Missing values are dropped to ensure a clean dataset for training the models. The categorical features are one-hot encoded for compatibility with machine learning algorithms.

In [None]:

cleaned_data = data.dropna()
categorical_features = ['game', 'category', 'platform']
data_encoded = pd.get_dummies(cleaned_data, columns=categorical_features, drop_first=True)
X = data_encoded.drop('time', axis=1)
y = data_encoded['time']


## Split Data for Training and Testing

The dataset is split into training and testing sets (80%-20%) to evaluate the model's performance on unseen data.

In [None]:

X_train, X_test, y_train, y_test = train_test_split(X, y, test_size=0.2, random_state=42)


## Train Multiple Models

Linear Regression, Ridge Regression, Lasso Regression, Random Forest, and Gradient Boosting models are trained and their performance is compared using RMSE and R-squared metrics.

In [None]:

models = {
    'Linear Regression': LinearRegression(),
    'Ridge Regression': Ridge(),
    'Lasso Regression': Lasso(),
    'Random Forest': RandomForestRegressor(random_state=42),
    'Gradient Boosting': GradientBoostingRegressor(random_state=42)
}

results = {}
for name, model in models.items():
    model.fit(X_train, y_train)
    predictions = model.predict(X_test)
    rmse = np.sqrt(mean_squared_error(y_test, predictions))
    r2 = r2_score(y_test, predictions)
    results[name] = {'RMSE': rmse, 'R^2': r2}


## Hyperparameter Tuning and Cross-Validation

Random Forest is tuned using grid search for optimal parameters. Gradient Boosting is evaluated using cross-validation.

In [None]:

param_grid = {
    'n_estimators': [100, 200, 300],
    'max_depth': [None, 10, 20, 30],
    'min_samples_split': [2, 5, 10]
}
rf_grid_search = GridSearchCV(RandomForestRegressor(random_state=42), param_grid, cv=5, scoring='neg_mean_squared_error')
rf_grid_search.fit(X_train, y_train)

best_rf_model = rf_grid_search.best_estimator_
rf_predictions = best_rf_model.predict(X_test)
rf_rmse = np.sqrt(mean_squared_error(y_test, rf_predictions))
rf_r2 = r2_score(y_test, rf_predictions)

gbr_model = GradientBoostingRegressor(random_state=42)
cross_val_scores = cross_val_score(gbr_model, X, y, cv=5, scoring='neg_mean_squared_error')
mean_cv_rmse = np.sqrt(-cross_val_scores.mean())
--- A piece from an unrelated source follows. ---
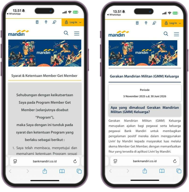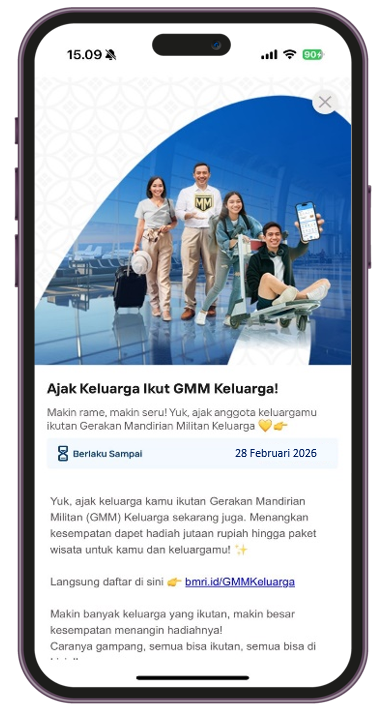 - Keluarga Pegawai yang ingin berkontribusi dan bergabung dalam GMM Keluarga perlu melakukan konfirmasi kesediaan keikutsertaan pada halaman persetujuan kesediaan “Syarat & Ketentuan” melalui Livin’ by Mandiri. Konfirmasi persetujuan paling lambat dilakukan 2x24 jam setelah menerima push notification konfirmasi keikutsertaan.

## Results and Performance Comparison

The RMSE and R-squared metrics for each model are compared. The performance of the tuned Random Forest model and Gradient Boosting is highlighted.

In [None]:

print("Model Results:")
for name, metrics in results.items():
    print(f"{name}: RMSE = {metrics['RMSE']:.2f}, R^2 = {metrics['R^2']:.2f}")
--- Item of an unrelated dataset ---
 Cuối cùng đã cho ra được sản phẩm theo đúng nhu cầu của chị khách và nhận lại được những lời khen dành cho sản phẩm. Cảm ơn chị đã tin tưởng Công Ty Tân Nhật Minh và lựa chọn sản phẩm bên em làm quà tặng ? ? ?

print("Best Random Forest Model After Tuning:")
print(f"RMSE: {rf_rmse:.2f}, R^2: {rf_r2:.2f}")

print("Gradient Boosting Cross-Validation Mean RMSE:")
print(f"Mean CV RMSE: {mean_cv_rmse:.2f}")


## Visualize Model Performance

A bar plot compares the RMSE values across different models.

In [None]:

plt.figure(figsize=(12, 6))
model_names = list(results.keys()) + ["Tuned Random Forest", "Gradient Boosting CV"]
rmse_values = [metrics['RMSE'] for metrics in results.values()] + [rf_rmse, mean_cv_rmse]

sns.barplot(x=rmse_values, y=model_names, orient='h')
plt.title("Model RMSE Comparison")
plt.xlabel("RMSE")
plt.ylabel("Model")
plt.show()


## Feature Importance from Best Random Forest Model

The top 10 most important features are visualized for the best Random Forest model.

In [None]:

feature_importance = pd.DataFrame({
    'Feature': X_train.columns,
    'Importance': best_rf_model.feature_importances_
}).sort_values(by='Importance', ascending=False)

plt.figure(figsize=(10, 6))
sns.barplot(x='Importance', y='Feature', data=feature_importance.head(10))
plt.title("Top 10 Feature Importances - Best Random Forest")
plt.xlabel("Importance")
plt.ylabel("Feature")
plt.show()


## Discussion and Suggestions for Improvement

1. **Learning and Takeaways:**
   - Random Forest achieved the best performance.
   - Gradient Boosting also performed well with cross-validation.
2. **Challenges:**
   - Linear Regression struggled due to potential multicollinearity.
   - Lasso Regression may have overly penalized features.
3. **Suggestions for Improvement:**
   - Experiment with stacking ensemble techniques.
   - Perform feature selection or dimensionality reduction (e.g., PCA).
   - Include additional features such as player statistics or game metadata.